The UPHC is the outgrowth of the Plainfield NAACP Branch's housing committee, chaired by Freeman Whetstone in the mid-1960s. (See the UPHC website here.)

(This matter does not reference the sale or sale price by the original owner/developer, nor the sale date, nor what use UPHC is making of the proceeds.)

THE IMPROVEMENTS

The PILOT is predicated on improvements the new owner will make to the properties.




Outlining the improvements (click to enlarge).
Full details are in the online documentation.


Given the developing scandal with the State's tax incentive program involving Camden projects -- where an investigation is finding lax (or non-existent) followup by the State on performance of the promises made -- it is incumbent on the City to follow up on this developer's promises.

I say this because in the most recent other affordable housing PILOT -- at Liberty Village on West 4th Street in 2014 -- among the promises made were to be replacement of the sidewalks and renovation of the community center, all to be performed within 24 months of taking ownership.

To this date, I have never seen any work done on the sidewalks, and only just recently have I noticed new siding being put on the community center.
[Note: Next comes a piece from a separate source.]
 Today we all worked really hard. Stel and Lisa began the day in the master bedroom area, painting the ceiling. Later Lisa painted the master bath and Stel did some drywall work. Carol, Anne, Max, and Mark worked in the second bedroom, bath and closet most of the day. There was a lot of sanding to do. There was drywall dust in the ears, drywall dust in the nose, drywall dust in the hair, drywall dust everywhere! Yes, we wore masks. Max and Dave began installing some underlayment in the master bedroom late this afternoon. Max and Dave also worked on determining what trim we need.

We are now at five years after the adoption of the PILOT.

At the time, the PILOT created quite a stir when there were allegations that $1.5M set aside for improvements by the previous management (the Plainfield Housing Authority) had mysteriously disappeared, and that promised improvements had never been made. I wrote about those discussions and the allegations surrounding it in several posts you can find here.



'FIRST SOURCE' EMPLOYMENT






'Good faith' effort to use local contractors and businesses.
Full details are in the online documentation.
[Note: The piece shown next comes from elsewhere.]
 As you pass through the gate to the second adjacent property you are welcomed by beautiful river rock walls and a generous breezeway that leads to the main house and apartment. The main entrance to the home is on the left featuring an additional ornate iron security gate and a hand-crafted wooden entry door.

On its face, this looks good enough. The management team is supposed to stay in place -- I assume that UPHC will then still manage the property.

Will the improvements be done by Plainfield businesses and contractors? "Good faith" is not a firm guarantee of any kind. What do you think?



PILOT PAYMENTS




The payment schedule is itself an incentive
to perpetual rollovers.

For those who are curious, the schedule of payments shows why for-profit businesses like to engage in these projects. For the first 15 of the 20 years of the PILOT, only the PILOT is paid. In the last 5 years, the owner liability rises rapidly to a maximum of 80% of the fully taxable rate -- providing a built-in incentive to repeat the process at the end of the PILOT's lifespan. By which time all of the current players (and many of us) will no longer be on the scene.

Doing well by doing good? I suppose it depends on whom you ask.


City Council meets at 7:00 PM May 13 in the Council Chambers / Courthouse at Watchung Avenue and East 4th Street. Parking available on the street and in the lot across from Police Headquarters.

NOTE: I have seen officers in patrol vehicles allow Council attendees to turn onto 4th Street in front of Police Headquarters to enter the public parking. Exiting is no problem. Be cautious.